大日本印刷(DNP)は11月21日、「明日の京都 文化遺産プラットフォーム」の「平安京羅城門模型移設プロジェクト」との連携により、デジタルサイネージ(電子看板)をJR京都駅前に設置し、平安京や羅城門の歴史とプロジェクトの概要を多言語で解説するコンテンツを配信すると発表した。なお、このデジタルサイネージは新放送サービスi-dio(アイディオ、アナログテレビ放送で使われていたVHF帯の電波の周波数帯の一部を利用する「V-Lowマルチメディア放送」でBICが推進する新放送サービスのコミュニケーションネーム)による多言語の緊急地震速報を受信する機能を国内で初めて搭載しているという。
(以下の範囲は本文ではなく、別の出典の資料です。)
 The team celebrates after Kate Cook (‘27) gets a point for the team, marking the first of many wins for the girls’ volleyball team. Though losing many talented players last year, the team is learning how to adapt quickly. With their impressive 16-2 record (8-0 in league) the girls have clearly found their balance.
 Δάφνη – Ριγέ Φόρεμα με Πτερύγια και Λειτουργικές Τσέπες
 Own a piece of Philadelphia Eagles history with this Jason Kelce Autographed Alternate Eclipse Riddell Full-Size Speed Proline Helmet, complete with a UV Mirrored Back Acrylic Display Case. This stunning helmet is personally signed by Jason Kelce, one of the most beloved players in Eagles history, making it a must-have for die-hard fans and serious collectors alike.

平安京羅城門模型移設プロジェクトは、京都の有形・無形の文化遺産を保存し、後世に継承する事業に取り組む組織として2010年10月に設立された明日の京都 文化遺産プラットフォームが推進する事業。同事業は、訪日外国人を含む観光客の増加が見込まれる京都のモニュメントとして、1994年の平安建都1200年記念事業で制作された羅城門の10分の1サイズの模型をJR京都駅前に移設するものとなる。
DNPは、明日の京都 文化遺産プラットフォームに賛同し、2014年5月から京都の世界遺産である17社寺・城の高精細映像によるアーカイブ事業を共同で進めている。
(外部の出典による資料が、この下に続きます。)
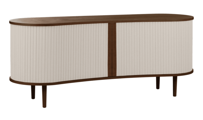 A storage unit with soft, organic curves and sustainable textile tambour doors.
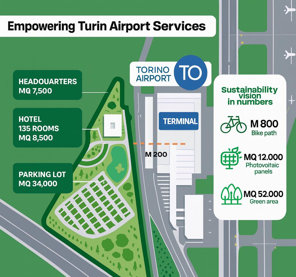 Destinazioni d’uso ammesse: turistico-ricettivo, terziario, infrastrutture aeroportuali
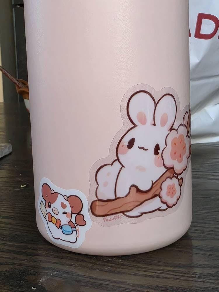 Cherry Blossom Bunny Vinyl Sticker (Transparent)

また、今回のプロジェクトでも羅城門の模型の横にタッチパネル式のデジタルサイネージを設置し、平安京と羅城門の歴史や、模型移設の意義を解説するコンテンツを配信しており、タッチ操作で日本語、英語、中国語(繁体字、簡体字)、韓国語の5言語の切り替えを可能にすることで、京都を訪れる各国の人々に日本の歴史や文化を理解する糸口を提供しているという。
新放送サービスのi-dio は、VHF帯の電波の周波数帯の一部を利用しており、多言語による防災情報の放送を可能とし、今回デジタルサイネージにi-dioの信号を受信することで、緊急地震速報を5言語で表示する機能を搭載している。
アクセス集中による回線の混雑が起こらないi-dioの特性を活かし、地震発生時などインターネットや通話の利用が集中する状況下において、公共空間での確実な防災情報の発信を実現するという。今後、DNPは本デジタルサイネージに搭載する防災情報配信機能を軸に駅や空港、学校などの公共空間に向けたサービス拡販を推進していく考えだ。